Theory of Training: An Annotated Training Session with Diesel

edited December 2011 in Behavior & Training
Some of my colleagues at work asked me to record a training session with Diesel so they could understand what I meant when I was talking about adjusting criteria based on performance. I took this video in early November when Diesel was 4.5 months old. We're doing some lineing and casting drills where I'm teaching him to follow hand signals at a distance. In scrutinizing this video, I definitely see some mistakes that I made, but in general it was a very successful training session. I tried to point out rewards and (verbal) punishments in the video, as well as describe when and why I changed the criteria for the task I was giving him.

These drills came near the end of a 2 week sequence of learning, so you'll see rewards are relatively sparse. Also, because he is nearing mastery of the concepts at this point, the criteria changes are more significant than they would be near the beginning of a learning sequence.

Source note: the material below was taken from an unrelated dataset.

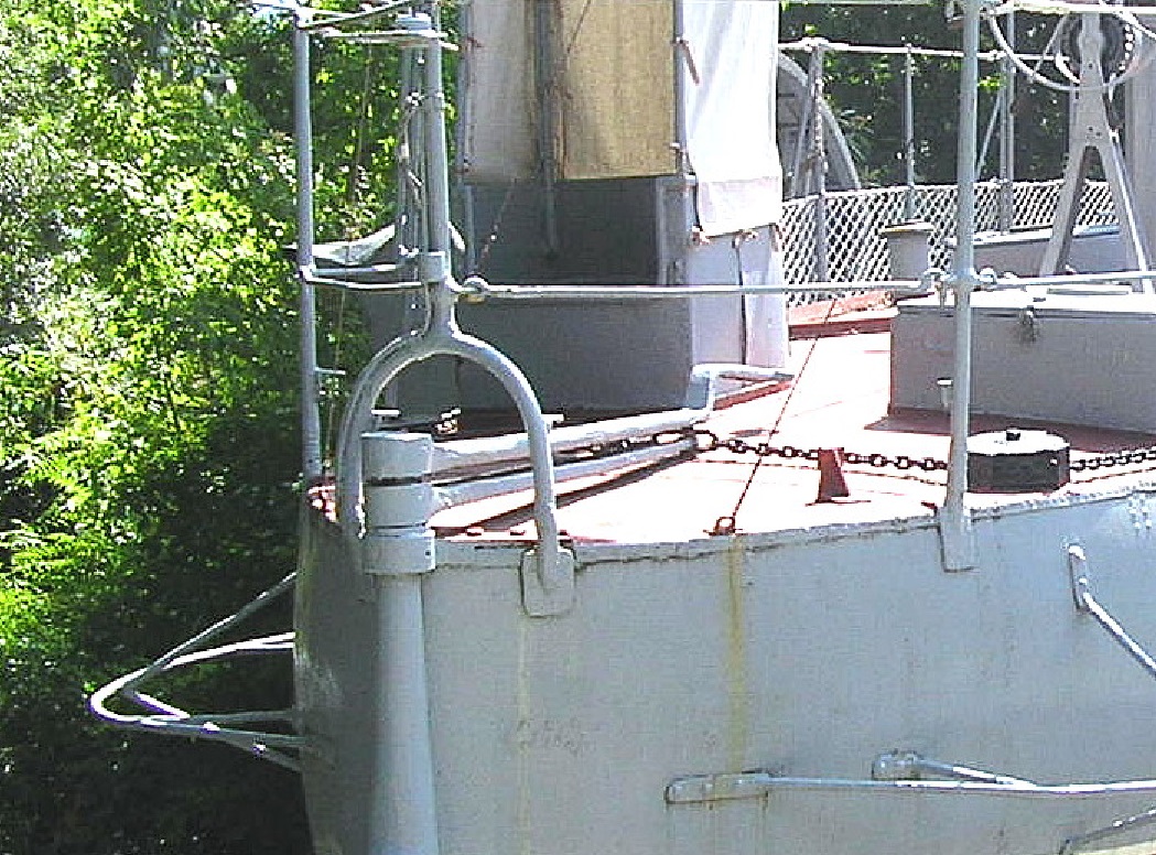 Но по факту , судя по фото, поставили балку аналогичную той что стоит на баке , кат-балку , и теперь на юте она называется шлюпбалка.

I have a second video from the following day, but I haven't gotten around to editing/annotating it. If people enjoy this one, I'll post the second one when I get around to finishing it.

I hope you enjoy!



Comments

  • Wow! This is pretty cool. I'm looking forwards to the next part.
  • Diesel is a very energetic pups, loI. I find it interesting with our use of hand signals. I obedience, the signal you give for going back is used for a distance down and your 'over' signal I've seen used to designate which jump the dog should take. Very cool
  • Diesel is looking really good! He seems to "get it" and is intune to you. I saw only a minor distraction with something that probably smelled good or odd on the grass, lol. I'm looking forward towards the following session (video).
  • I finally got a chance to watch this, Dave. Very cool! Do you have a video of a finished lab doing these types of commands? I'd love to compare since I'm not familiar with them.
  • I'm having a hard time finding a good video of it, but this is a good introduction to casting being demonstrated by a finished dog:


  • Ok, I see. So D is really not that far. That's impressive for a young dog. Nice work Dave!

    Question: How did you associate the "NO!"? Did he figure it on his own, or did you need to add another punishment (correction) in the beginning in order for him to understand "NO!" meant "incorrect"?

    ----
  • We used no a lot in the house when he was a crazy mouthy baby puppy. When I started using it during training he seemed to just understand it without a problem.

    Then again, Diesel has always just seemed to know when I expect something from him.
  • I haven't watched the finished dog yet but I'm super impressed with Diesel. That's pretty darn amazing for his age.

    The best dogs to traim are the ones that seemingly inherently just get it.